Skip to main content

Data Export Guide

Overview

Qarion ETL provides a comprehensive export system for exporting data from tables to files in various formats. This complements the file loading system, allowing you to export processed data for downstream consumption, reporting, or integration with other systems.
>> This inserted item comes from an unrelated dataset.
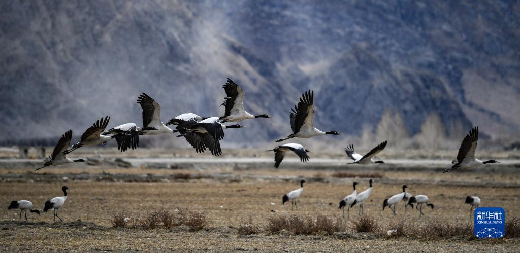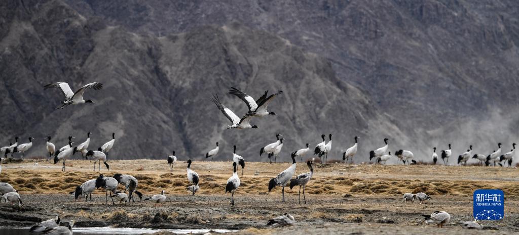 在西藏雅魯藏布江中游河谷黑頸鶴國家級(jí)自然保護(hù)區(qū)日喀則片區(qū)拉孜縣附近,大量越冬的黑頸鶴翩翩起舞,迎接春天的到來。

There are two ways to export data in Qarion ETL:

  1. Export Flow: Declarative flow-based export with multiple export modes (full, batch, incremental, changes_only)
  2. Export Executor API: Programmatic export using Python API

Quick Start

The easiest way to export data is using an Export Flow:

# flows/export_orders.toml
id = "export_orders"
name = "Export Orders"
flow_type = "export_flow"
namespace = "public"

[input]
columns = [] # Export flows don't require input columns

[properties.export]
source_dataset_id = "orders_staging"
file_path = "exports/orders.csv"
export_mode = "full"
format = "csv"
exporter_config = {
delimiter = ","
include_header = true
encoding = "utf-8"
}

Then run the export flow:

qarion-etl run --flow export_orders

For complete Export Flow documentation, see Export Flow Reference.

Using Export Executor API

Export a table to a CSV file programmatically:

from exporters import ExportExecutor
from engines import EngineLoader

# Load and connect to engine
engine = EngineLoader.load({'name': 'sqlite', 'config': {'path': 'data.db'}})
engine.connect()

# Create export executor
executor = ExportExecutor(engine)

# Export table
result = executor.export_table(
source_table='orders',
file_path='exports/orders.csv'
)

print(f"Exported {result.rows_exported} rows")

Supported Formats

CSV

Export to CSV format (comma-separated values):

result = executor.export_table(
source_table='orders',
file_path='exports/orders.csv',
format='csv',
config={
'delimiter': ',',
'include_header': True,
'encoding': 'utf-8'
}
)

Configuration Options:

  • delimiter: Field delimiter (default: ',')
  • include_header: Include header row (default: True)
  • encoding: File encoding (default: 'utf-8')
  • columns: List of columns to export (default: all columns)

JSON

Export to JSON format:

# Standard JSON (array of objects)
result = executor.export_table(
source_table='orders',
file_path='exports/orders.json',
format='json',
config={
'indent': 2, # Pretty printing
'jsonl': False
}
)

# JSONL format (one object per line)
result = executor.export_table(
source_table='orders',
file_path='exports/orders.jsonl',
format='json',
config={'jsonl': True}
)

Configuration Options:

  • indent: Indentation level for pretty printing (default: None)
  • jsonl: Use JSONL format (default: False)
  • columns: List of columns to export (default: all columns)
  • encoding: File encoding (default: 'utf-8')

Parquet

Export to Parquet format (columnar storage):

result = executor.export_table(
source_table='analytics_data',
file_path='exports/analytics.parquet',
format='parquet',
config={
'compression': 'snappy',
'columns': ['id', 'value', 'timestamp']
}
)

Configuration Options:

  • compression: Compression codec (default: 'snappy')
  • columns: List of columns to export (default: all columns)
  • index: Include index (default: False)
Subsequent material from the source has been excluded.